• Information shown:
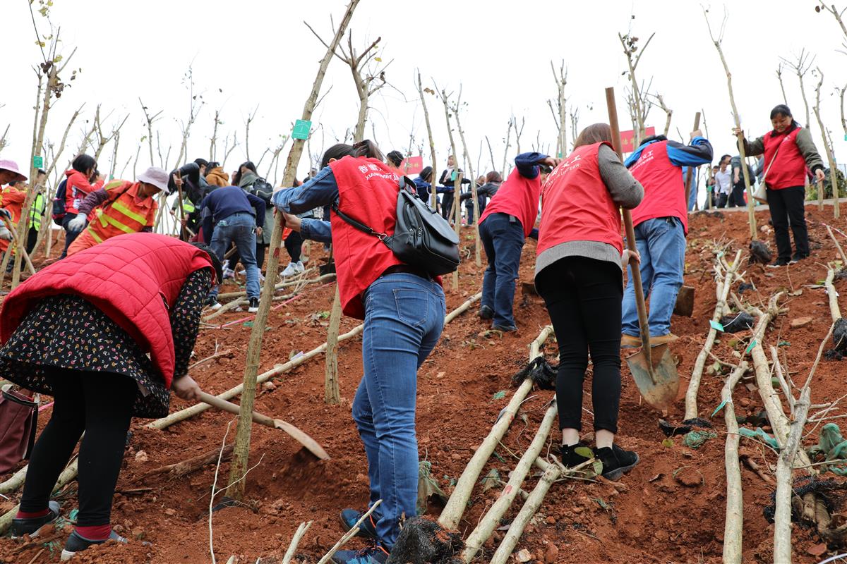 上午10点,植树活动正式开始,虽然天气有点寒冷,但洁亚义工和党员们不减热情,扛起铁铲,快速来到了公园山坡上,种下了一棵棵代表希望的小树苗。春天,正是百花盛开、万物苏醒的季节,洁亚人第一时间展开了植树活动,看,小伙伴们多卖力,挖坑的挖坑,铲土的铲土,扶树的扶树,配合得多么默契,干得多起劲!没过一会,他们就都挥汗如雨,一点也不觉得天冷了。他们身上穿着红色的义工服,脸上洋溢着开心的笑容,形成了一道亮丽的风景线。
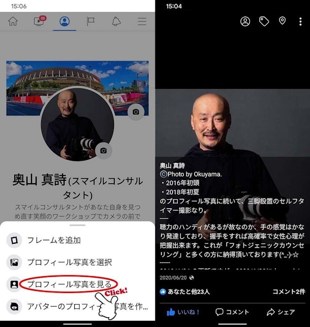 Facebookで繋がっていれば、プロフィール写真をクリックかタップすれば、写真の説明が読めます。
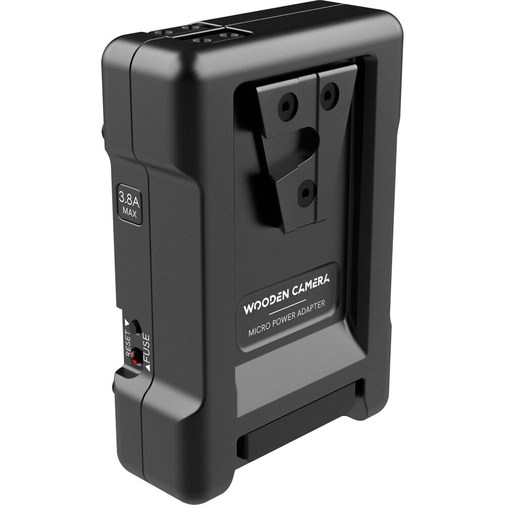 Adapt your RED V-RAPTOR camera for use with full-sized V-mount batteries with this Micro Battery Plate Adapter from Wooden Camera. Constructed from lightweight yet durable aluminum, this compact adapter features two D-Tap ports for powering accessories and a 3.8A E-fuse that can be easily reset. If the load is exceeded, this adapter will disable the accessory outputs, enabling your camera to continue to run.
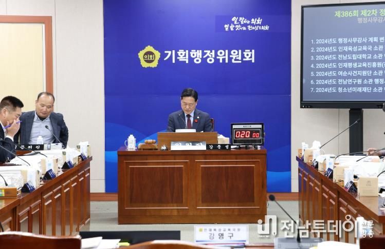한편, 전라남도의회 기획행정위원회는 지난 1일부터 오는 11일까지 총 4일간 전라남도 기획조정실을 비롯한 19개 소관 부서(출연기관 등 포함)의 행정업무 전반에 대한 행정사무감사를 실시하고 있다.
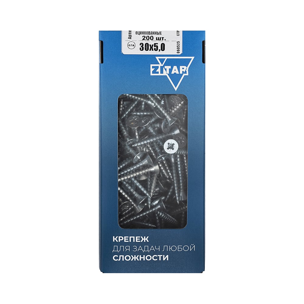 Универсальные саморезы, оцинкованные, 30x5,0 мм, 200 шт., коробка с окном Zitar 102197
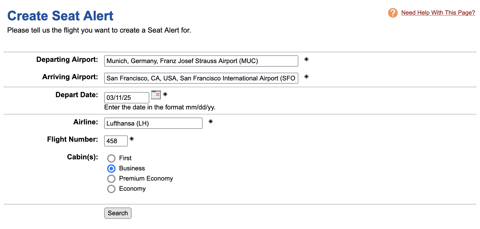 Anschließend müsst ihr den genauen Flug auswählen. Dazu müsst ihr den Departing und Arriving Airport angeben sowie das Depart Date, Airline, Flight Number und die Cabin:
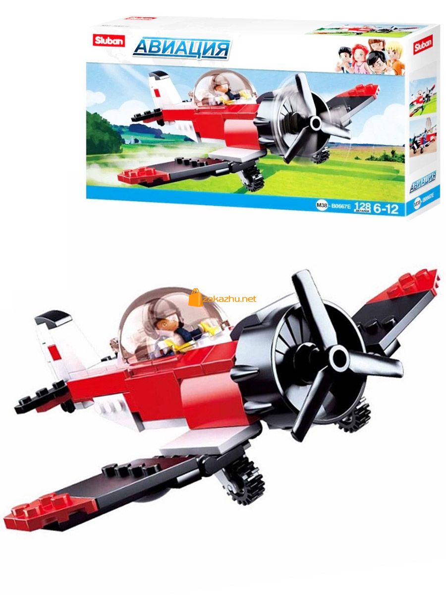38M-B0667E Конструктор пластиковый. SLUBAN Авиация. Пожарный моноплан (128 деталей, 1 фигурка
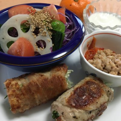 豚モモの水菜巻、蓮根とワカメのサラダ、キムチ納豆、ヨーグルト、みかん。
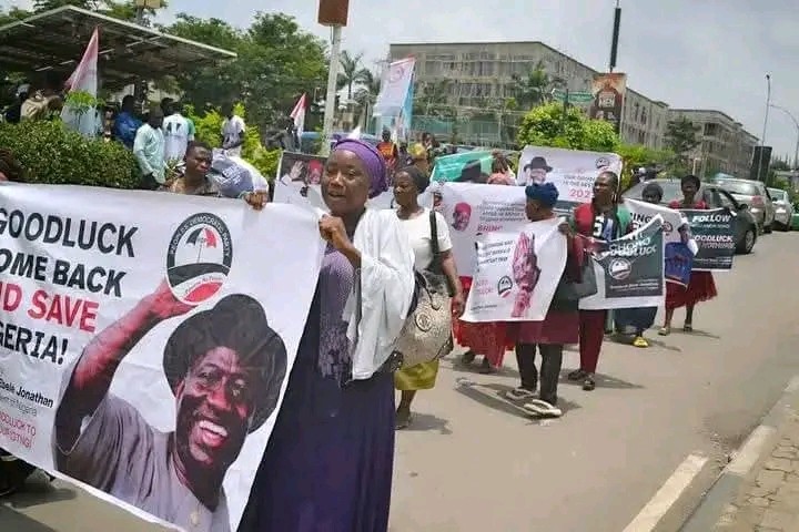 PRO-JONATHAN PROTESTERS DEMANDING FORMER PRESIDENT’S RETURN TO POWER STORM PDP SECRETARIAT
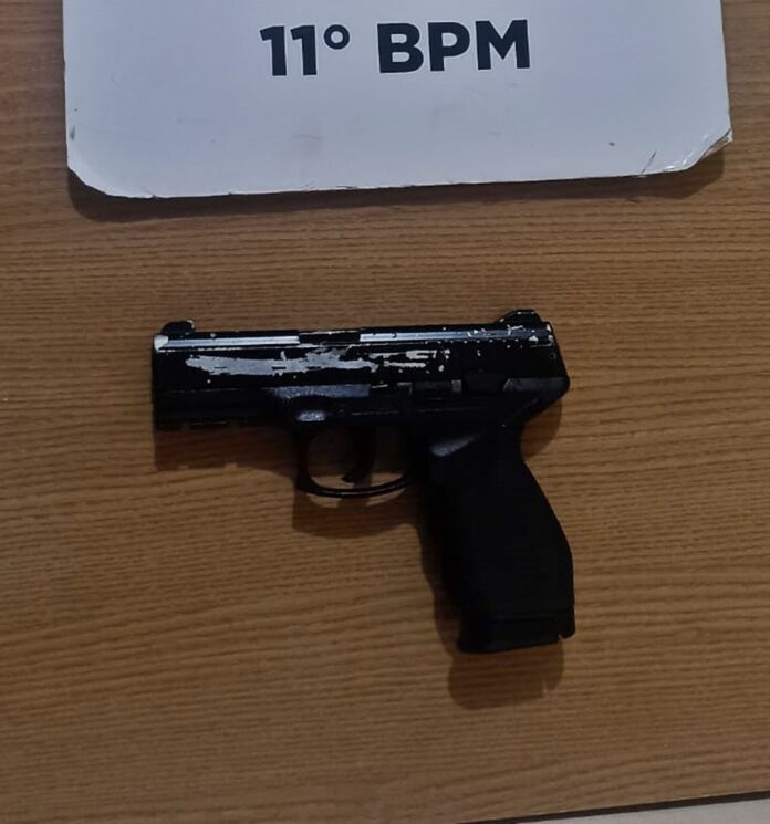 Na busca realizada, os policiais encontraram no banco traseiro um simulacro de pistola Taurus 24/7. O passageiro, de 26 anos, assumiu ser o proprietário do objeto e admitiu ter se envolvido em uma discussão em frente à conveniência, mas negou ter feito ameaças.
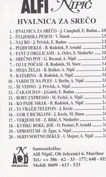 kaseta ALFI NIPIČ - HVALNICA ZA SREČO
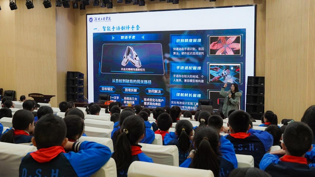 “原来走路也能发电!”近日,随着滴水湖学校多功能厅里一阵惊呼,2007so太阳集团新能源与绿色低碳科普基地、智能装备湖南省科普基地和智创实验室团队携“挑战杯”全国大学生课外学术科技作品竞赛主体赛特等奖的队伍,把顶级赛事成果拆成“游戏包”,先后送进滴水湖学校和湖湘幼儿园,让不同年龄段的孩子在同一天遇见“未来科技”。
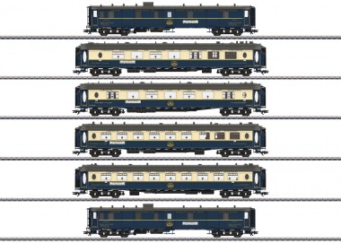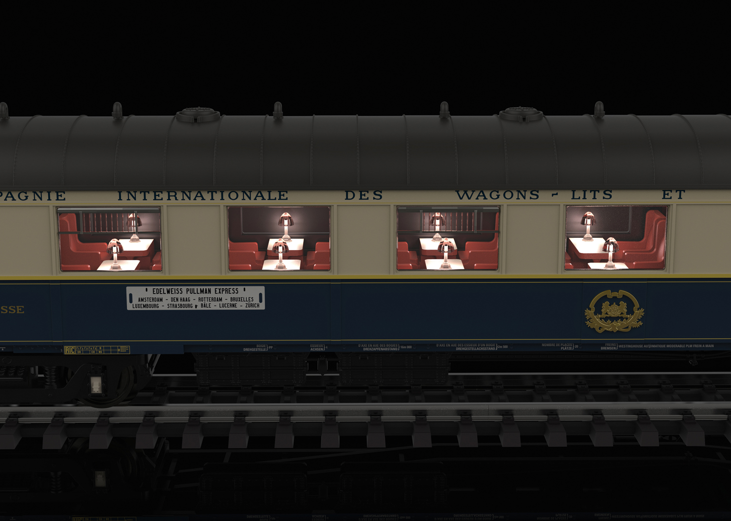 Modell: Alle Wagen mit serienmäßig eingebauter LED-Innenbeleuchtung und serienmäßig eingebauten trennbaren, stromführenden Kurzkupplungen. Salonwagen mit beleuchteten Tischlampen. Ein Gepäckwagen mit Zugschlussbeleuchtung. In jedem Wagen ist ein Pufferkondensator zur Überbrückung von kurzfristigen stromlosen Stellen eingebaut. Die Innenbeleuchtung funktioniert im Verbund mit dem Gepäckwagen mit Schlusslicht. Alle Wagen in unterschiedlicher Ausführung und mit vielen angesetzten, sehr detaillierten Details. Angesetzte Griffstangen aus Metall. Die Inneneinrichtung der Salonwagen ist individuell und mehrfarbig gestaltet. Pufferhöhe nach NEM. Für jeden Wagen sind jeweils vier nachgebildete Hauptluftleitungen beiliegend. Faltenbalg lang und kurz beiliegend. Schleifer zur Stromaufnahme an einem Gepäckwagen. Befahrbarer Mindestradius 360 mm. Länge über Puffer Gepäckwagen ca. 23,9 cm. Länge über Puffer Salonwagen ca. 26,9 cm. Gesamtsänge über Puffer ca. 156,5 cm. Vorbild: Sechs unterschiedliche Pullman-Wagen in der Ausführung der Compagnie Internationale des Wagons-Lits et des Grands Express Européens (CIWL) als EDELWEISS PULLMAN EXPRESS. Zwei Gepäckwagen Typ DD3, ein Pullman-Wagen mit Küche VPC Typ Côte d´Azur, ein Pullman-Wagen ohne Küche VP Typ Côte d´Azur, ein Pullman-Wagen mit Küche VPC Typ Étoile du Nord und ein Pullman-Wagen ohne Küche VP Typ Étoile du Nord. Zuglauf Amsterdam - Den Haag - Rotterdam – Bruxelles Luxembourg - Strasbourg – Bâle - Lucerne– Zürich. Betriebszustand 1937. Compagnie Internationale des Wagons-Lits CIWL – ein glanzvoller Name aus der Blütezeit der Eisenbahn. Diese schon in der zweite Hälfte des 19. Jahrhunderts vom belgischen Entrepreneur Georges Nagelmackers gegründete Firma wurde schnell zum Inbegriff des luxuriösen Reisens. Kurz vor dem Ersten Weltkrieg dampften fahrplanmäßig zahlreiche Luxuszüge der CIWL durch ganz Europa. Sie hatten klangvolle Namen wie Orient-Express, Calais-Mediterranée-Express oder Sud-Express. Es waren meistens Schlafwagenzüge, die luxuriöse und mit allem Komfort ausgestattete Schlafabteile boten.In den Goldenen Zwanzigern erholte sich der Markt für erstklassiges Reisen sehr schnell und ab 1925 führte die CIWL die ersten Luxuszüge für den Tagesverkehr ein, die als Pullman-Express von Anbeginn für Furore sorgten. Für diese Zugläufe beschaffte die CIWL neue, äußerst luxuriöse Großraumwagen, die teilweise mit Küche ausgestattet waren. Je ein Wagen mit und ohne Küche bildeten eine äCouplage“, es gab auch Züge mit einer äTriplage“ (zwei Wagen 2. Klasse ohne Küche und ein Wagen 1. Klasse mit Küche). Das Essen wurde am Platz serviert, exklusives Porzellan und Silberbesteck trugen zum besonderen Ambiente bei. Spezielle Speisewagen gab es allerdings nicht. Die neuen Pullmans glänzten nicht nur mit exzellenten inneren Werten. Auch ihr Äußeres strahlte eine eindrucksvolle Eleganz aus. Seine Route Amsterdam – Brüssel – Straßburg – Basel – Zürich/Luzern war nicht weniger attraktiv, als Zugloks kamen meist die modernsten und stärksten Dampfrösser jener Zeit zum Einsatz, wie beispielsweise die legendäre 241 A der Französischen Ostbahn (EST).Obwohl der Laufweg des EDELWEISS PULLMAN EXPRESS bis Basel 31 Kilometer länger als der des Rheingold-Zuges war und er zwischen Namur und Luxemburg sowie zwischen Metz und Straßburg die nördlichen Ausläufer der Vogesen überwinden musste, war der EDELWEISS mit einer Fahrzeit von 10 Stunden und 8 Minuten fast gleich schnell (Rheingold 9 Stunden 46 Minuten). Eine Durchschnittsgeschwindigkeit von 80 Kilometern pro Stunde erreichten damals nicht allzu viele dampfgeführte Züge.In den 1930er-Jahren gehörte der EDELWEISS PULLMAN EXPRESS zu den erfolgreichsten CIWL-Zügen. Der Ausbruch des Zweiten Weltkriegs beendete dann jäh die Epoche der glänzenden Luxuszüge – und somit auch des EDELWEISS.Nach dem Krieg wurde der Zug wieder eingeführt und in den ersten Jahren fuhren sogar noch Pullman-Wagen mit. 1957 erlebte der EDELWEISS dann eine Auferstehung als Luxuszug. Er wurde ins neue europäische TEE-Netz aufgenommen und mit den nagelneuen, niederländisch-schweizerischen 1.-Klasse-Triebwagen der Gattung RAm gefahren, die ebenfalls Vorbild verschiedener gesuchter Märklin-Modelle waren. Aber das ist eine andere Geschichte. Compagnie Internationale des Wagons-Lits et des Grands Express Européens (CIWL) ist eine eingetragene Handelsmarke der Wagons-Lits Diffusion (WLD), Paris, Frankreich. Jedes Recht auf Vervielfältigung wird vorbehalten. © Wagons-Lits Diffusion - France.
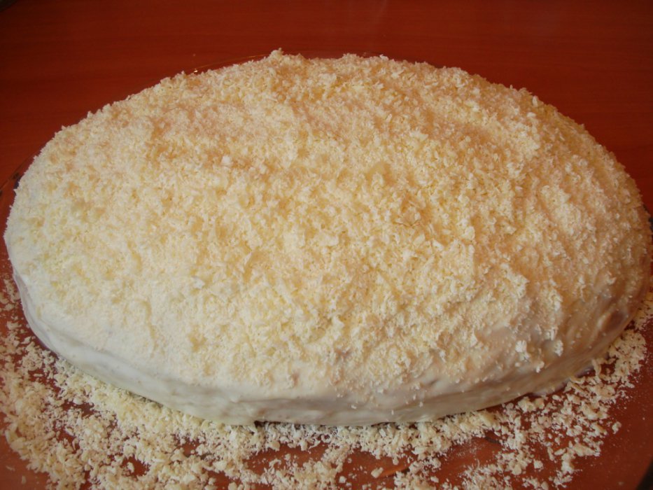 Посыпаем тертым белым шоколадом (имитируем снег, сугроб же все-таки)

• Problem to work on: Above are the records; restate exactly the lines from the one containing "Универсальные саморезы, оцинкованные, 30x5,0" through the one containing "38M-B0667E Конструктор пластиковый.", keeping pictures out.

• Written solution:
 Универсальные саморезы, оцинкованные, 30x5,0 мм, 200 шт., коробка с окном Zitar 102197
 Anschließend müsst ihr den genauen Flug auswählen. Dazu müsst ihr den Departing und Arriving Airport angeben sowie das Depart Date, Airline, Flight Number und die Cabin:
38M-B0667E Конструктор пластиковый. SLUBAN Авиация. Пожарный моноплан (128 деталей, 1 фигурка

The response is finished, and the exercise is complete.